Contexte du problème Avant l'introduction de SNI, lors de l'établissement d'une connexion TLS, le client ne pouvait pas spécifier le site auquel il tentait de se connecter. Par ...

Contexte du problème

Avant l'introduction de SNI, lors de l'établissement d'une connexion TLS, le client ne pouvait pas spécifier le site auquel il tentait de se connecter. Par conséquent, si un serveur hébergeait plusieurs sites sur un seul écouteur, il ne pouvait pas déterminer quel certificat utiliser pour le protocole TLS. Plus précisément, lors de l'établissement d'une connexion TLS, le client demandait un certificat numérique au serveur web. Une fois le certificat reçu, le client l'examinait et comparait le nom du site auquel il tentait de se connecter avec le ou les noms figurant dans le certificat. En cas de correspondance, la connexion se poursuivait normalement. Dans le cas contraire, l'utilisateur pouvait être averti de l'anomalie et la connexion pouvait être interrompue, car cette divergence pouvait indiquer une tentative d'attaque de l'homme du milieu. Cependant, certaines applications permettaient à l'utilisateur de passer outre cet avertissement et de poursuivre la connexion, l'utilisateur assumant alors la responsabilité de faire confiance au certificat et, par conséquent, à la connexion elle-même.

Toutefois, il peut s'avérer difficile, voire impossible faute de liste exhaustive préalable de tous les noms, d'obtenir un certificat unique couvrant tous les noms dont un serveur sera responsable. Un serveur gérant plusieurs noms d'hôtes devra probablement présenter un certificat différent pour chaque nom (ou petit groupe de noms). Il est possible d'utiliser subjectAltName pour inclure plusieurs domaines contrôlés par une même personne dans un seul certificat. Ces « certificats de communications unifiées » doivent être renouvelés à chaque modification de la liste des domaines.

L'hébergement virtuel basé sur le nom permet à un seul serveur (généralement un serveur web) d'héberger plusieurs noms d'hôtes DNS sur la même adresse IP. Pour ce faire, le serveur utilise un nom d'hôte fourni par le client dans le cadre du protocole (en HTTP, ce nom figure dans l'en-tête Host).
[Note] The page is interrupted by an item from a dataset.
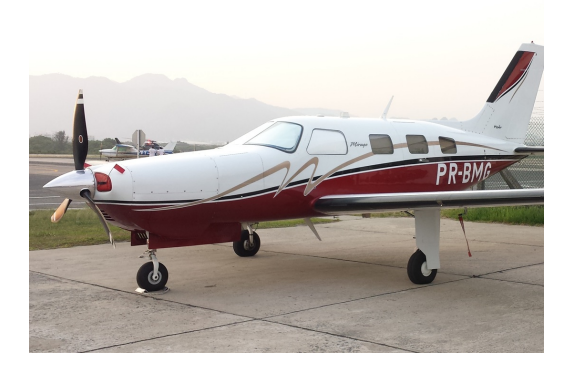
Piper Malibu/Mirage Engine Plugs, Cockpit HeatShields

Cependant, avec HTTPS, la négociation TLS a lieu avant que le serveur ne reçoive les en-têtes HTTP. Par conséquent, le serveur ne peut pas utiliser les informations de l'en-tête Host HTTP pour déterminer quel certificat présenter ; seuls les noms couverts par le même certificat peuvent donc être servis depuis la même adresse IP.

Concrètement, cela signifiait qu'un serveur HTTPS ne pouvait héberger qu'un seul domaine (ou un petit groupe de domaines) par adresse IP pour une navigation sécurisée et efficace. Attribuer une adresse IP distincte à chaque site augmente le coût de l'hébergement, car les demandes d'adresses IP doivent être justifiées auprès du registre Internet régional et les adresses IPv4 sont désormais épuisées. Pour IPv6 , cela accroît la charge administrative du fait de la présence de plusieurs adresses IP sur une même machine, même si l'espace d'adressage n'est pas épuisé. De ce fait, de nombreux sites web se sont trouvés dans l'impossibilité d'utiliser des communications sécurisées.

Principes techniques

SNI résout ce problème en demandant au client d'envoyer le nom du domaine virtuel dans le cadre du message ClientHello de la négociation TLS. Cela permet au serveur de sélectionner rapidement le domaine virtuel approprié et de présenter au navigateur le certificat contenant le nom correct. Par conséquent, avec des clients et des serveurs compatibles SNI, un serveur disposant d'une seule adresse IP peut gérer un groupe de noms de domaine pour lesquels il est impossible d'obtenir un certificat commun.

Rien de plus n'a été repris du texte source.